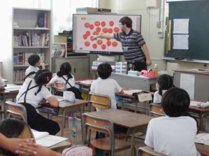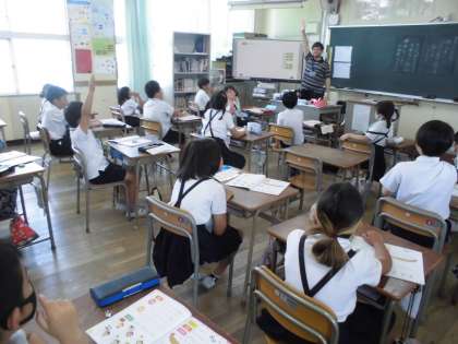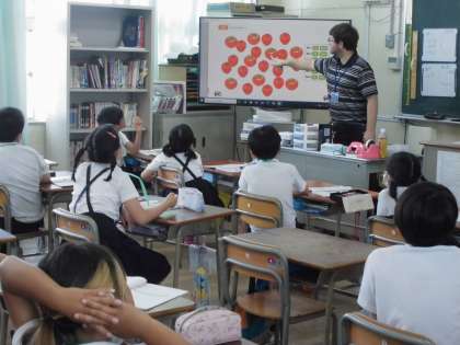 テレビに映った果物の数を英語で答える活動を行っています。映像はすぐに消えるので、みんな集中して数えていました。
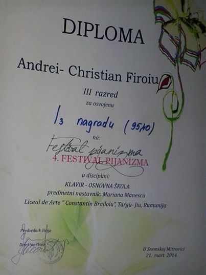 La concursul internațional de pian de la Sremska Mitrovica din Serbia, desfășurat între 20-23 martie 2014 a participat un lot de cinci elevi ai Liceului de Arte ”Constantin Brăiloiu” din Tg-Jiu, care s-au întors victorioși acasă.
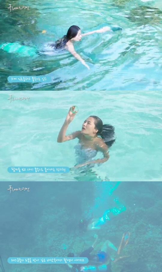 가슴까지 비늘이 올라온 상반신 스윔 수트를 입게 된 전지현. 하지만 문제는 하반신이었다. 인어의 상징이자 시청자에게 가장 쉽게 인어를 인식시킬 수 있는 꼬리를 표현하는 게 관건이었다. 그 누구도 시도해보지 못한 도전이었기에 '푸른바다의 전설' 제작진도 가장 공을 들인 대목이다.

━━━━

## EXERCISE GOAL
Please give every line above again word for word, apart from the pictures.

## RESPONSE
 テレビに映った果物の数を英語で答える活動を行っています。映像はすぐに消えるので、みんな集中して数えていました。
 La concursul internațional de pian de la Sremska Mitrovica din Serbia, desfășurat între 20-23 martie 2014 a participat un lot de cinci elevi ai Liceului de Arte ”Constantin Brăiloiu” din Tg-Jiu, care s-au întors victorioși acasă.
 가슴까지 비늘이 올라온 상반신 스윔 수트를 입게 된 전지현. 하지만 문제는 하반신이었다. 인어의 상징이자 시청자에게 가장 쉽게 인어를 인식시킬 수 있는 꼬리를 표현하는 게 관건이었다. 그 누구도 시도해보지 못한 도전이었기에 '푸른바다의 전설' 제작진도 가장 공을 들인 대목이다.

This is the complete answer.